Julian Stanczak Op Art paintings smash local price ceiling and rocket nationally
Cleveland.com, 12/16/2015
Steven Litt
CLEVELAND, Ohio – For decades, a virtual price ceiling of $5,000 to $10,000 has existed for works sold here by locally based artists.
Say bye-bye to all that.
The Bonfoey Gallery at 1710 Euclid Ave. in downtown Cleveland has just sold a luminous 2013 geometric abstraction by the internationally renowned Polish-born Cleveland artist Julian Stanczak to an undisclosed local private collector for the eye-popping price of $35,000.
Entitled "Cadmium Red," the 29-by-24.5-inch painting is a vertical, rectangular Op Art-style abstraction.
It features a regular grid of tiny confetti-flecks of blue that seem to float atop a glowing field of bright red, which fades evenly to darkness in step-like stages at the edges.
There's no clearinghouse on art prices that could show whether the transaction is a record for a local sale by a living artist working in Northeast Ohio.
But Marcia Hall, the gallery director at Bonfoey, said she did not know of another living Cleveland artist who could command prices at Stanczak's level for individual works, as opposed to large-scale commissions for public art.
"I'm checking my memory bank here," Hall said, before she paused on the phone and admitted she was coming up blank.
Brett Shaheen of Shaheen Modern & Contemporary Art at 740 W. Superior Ave. in Cleveland said the only comparable artist is T.R. Ericsson of Concord Township and New York City, whom he represents.
Ericsson, whose work was the subject of a recent show at the Transformer Station, has sold works locally for up to $24,000 at Shaheen, the dealer said.
Shaheen said only a handful of local collectors are willing or able to spend in the mid-five figures for locally made art, and he's not sure the number is growing.
But he said rising prices may create a new sense of what's possible for artists to achieve with Northeast Ohio as a professional base, especially because studio space here is relatively cheap.
"If you have the ambition and the means of building an infrastructure here and a larger audience for your work outside of Cleveland, yeah, you can live and work here," he said. "Hell, it's a helluva lot cheaper than living in New York and San Francisco."
The $35,000 local price for the Stanczak is part of the larger story of the rediscovery the artist's work after decades in which critics, collectors and art historians ignored it.
Stanczak, 87, a native of Borownica, Poland, lost the use of his right arm and hand after having been beaten at a Soviet labor camp in 1940 where he and members of his family were held at the beginning of World War II.
Stanczak completed his art education at Yale University after the war and settled in Cleveland in 1964, where he taught at the Cleveland Institute of Art until his retirement in 1995. He has lived for many years in Seven Hills with his wife, artist Barbara Stanczak.
In 1965, Stanczak famously participated in the exhibition "The Responsive Eye" at the Museum of Modern Art in New York, which introduced the short-lived Op Art movement.
The style – with its electric, eye-jangling colors and illusionistic geometric patterns – fell quickly out of favor.
By the middle 2000s, however, Stanczak and other artists of his generation were rediscovered.
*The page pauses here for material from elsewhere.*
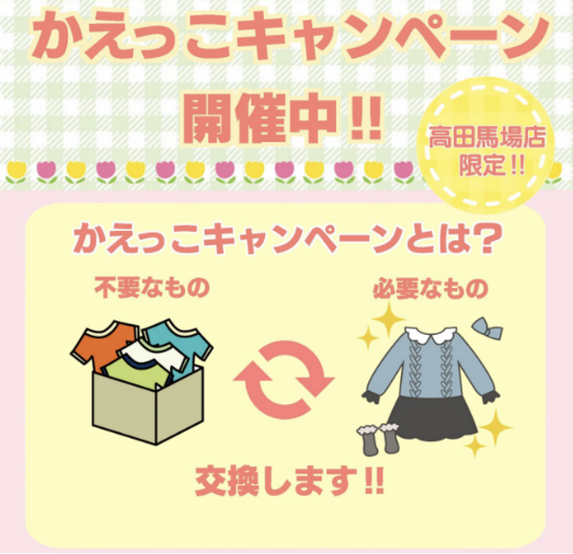 ・交換が不要の方には、ママズスマイル高田馬場店で利用可能な500円クーポンをお渡し致します。(1着につきクーポン1枚となります)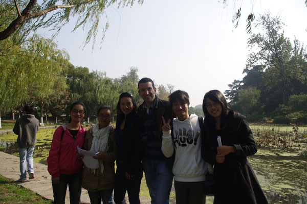 英语俱乐部英语角的同学与部长于9:30从南邮南门出发,分别前往目的地玄武湖与夫子庙,这次活动内容为找外国人进行英语交流并完成简单的英语调查。前往夫子庙的由英语角部长夏艳带领,同学们很快找到了外国人,并毫不羞涩的上前攀谈,在他们的努力下顺利地完成了交流和调查,着实锻炼了胆量与口语能力!前往玄武湖的由主席叶宇浩带领,由于玄武湖外国人很少,所以任务进行比较艰难。但是在同学们的努力搜寻下还是找到了目标,外国友人也是很热情的配合同学们完成活动。

Accordingly, Stanczak's prices have rocketed from a previously low base.
Bloomberg News and Artnet in 2012 ranked Stanczak No. 6 on a global list of the 15 hottest artists, based on the percentage increase in auction prices for their works.
The highest price for a Stanczak in the survey was $62,500 for a painting bought by the Museum of Contemporary Art in Buenos Aires, Argentina.
The artist's prices have continued to zoom in New York, reaching levels far higher than those in Cleveland, because the works sold in New York are larger and, sometimes, older.
Stanczak's work is priced according to scale, and in part according to age, with a premium on early Op Art examples.
Sotheby's sold a 53-by-53-inch 1964 Stanczak at auction in New York in September for $125,000, for example.
And Stanczak said in a phone interview Tuesday that his New York gallery, Mitchell-Innes & Nash, also recently sold a large painting of his for more than $300,000.
"They feel my work is totally underpriced, so they are working up the scale," he said. "Whether I agree or not, that is another point."
Robert Grossman, the gallery's director, could not be reached immediately Wednesday for comment.
When pressed in the interview, Stanczak said he appreciates his newfound attention and prices -- both here and in New York.
But he says wistfully, "I wish it came a little bit earlier because many times I really suffered financially and worried how I am going to make it."
The painting sold at Bonfoey is part of "Color and Form," a side-by-side exhibition that pairs Julian Stanczak's paintings and prints with abstract sculptures by his wife, who also taught at the Cleveland Institute of Art from 1976 to 2011.
The paintings include gemlike, 24-by24-inch images in which rippling networks of line create the powerful illusion of three-dimensional wrinkles and folds on their flat surfaces.
Barbara Stanczak's sculptures, for the most part, explore curved, biomorphic shapes that seem to have been suggested to her by the chunks of alabaster that she carves and polishes, revealing their translucency and veining.
The Bonfoey show charts the creative dynamism that has powered one of the more fruitful artistic partnerships in Cleveland in recent decades.
And it also shows how the region's art market is changing, thanks in part to the art world's rediscovery of a great, overlooked Cleveland artist.
But Stanczak enthusiast and collector Neil Rector, of Columbus, said that Stanczak is not motivated by prices.
"Julian is an extraordinary person in that he's not driven first and foremost by money," he said. "He's interested in solving visual problems and using art to communicate with the viewer."